The cited privacy concerns were raised by a group of privacy researchers. In a report that came out in 2015, Lukasz Olejnik, Gunes Acar, Claude Castelluccia, and Claudia Diaz’s analysis of the implementation of the API in Mozilla’s Firefox found that the high precision read-outs provided by the browser could reveal the capacity of the user’s batteries, which as a result, ‘expose[d] a fingerprintable surface that [could] be used to track web users in short time intervals’. They concluded that the capacity of the battery could potentially serve as a tracking identifier. The researchers then reported their findings to Firefox. Lukasz Olejnik has subsequently joined the W3C as an Invited Expert and contributed to its work in terms of privacy.
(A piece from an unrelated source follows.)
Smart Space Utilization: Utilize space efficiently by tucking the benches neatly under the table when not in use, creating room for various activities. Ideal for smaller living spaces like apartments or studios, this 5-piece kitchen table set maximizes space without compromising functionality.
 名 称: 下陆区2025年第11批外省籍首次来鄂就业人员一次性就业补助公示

More recently, two other researchers at Princeton University, Steven Englehardt and Arvind Narayanan, revealed that fingerprinting scripts have used, among others, the Battery Status API. Following the researchers’ reports as well as revelations by companies such as Uber for the amount of data they could access and potentially benefit by detecting a lower battery status, browser vendors decided to withdraw their support for the API. In a blog post, Olejnik highlighted this as ‘an unprecedented event in the Web’s history’. According to the researcher, this demonstrated going ‘a long way since 2000s, when privacy wasn’t treated that seriously’ by vendors. At the end of October 2016, Mozilla’s engineers confirmed that contrary to the intentions of developers that the API would be used ‘to save document data before the battery dies, to easy off heavy computation when the battery is low, or to implement the Firefox OS settings app’, the real uses of the specification has resulted in fingerprinting users and tracking consumer behaviour. A few days later, the WebKit team, that has powered Apple’s Safari browser, announced that it abandoned the API for the same reasons. While Safari and Internet Explorer had never implemented the API in their browsers, Chrome has supported it since 2014 and its final decision given the current circumstances remains to be seen.
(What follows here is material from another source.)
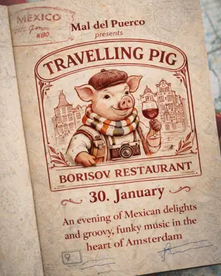 Dine & Dance by Mal del Puerco takes place on January 30, 2026, at Borisov Amsterdam in Amsterdam, Netherlands. This event features genres including House and Funk / Soul.

Speaking on behalf of the privacy advocates community, Joseph Lorenzo Hall, Chief Technologist at the Centre for Democracy and Technology, thanked the undertaken decisions of browser vendors. The W3C had announced that once privacy concerns are ‘sufficiently’ addressed the specification would resume its status of a Proposed Recommendation. The original deadline set for that – no later than 1st September 2016 – has now passed with no resumption.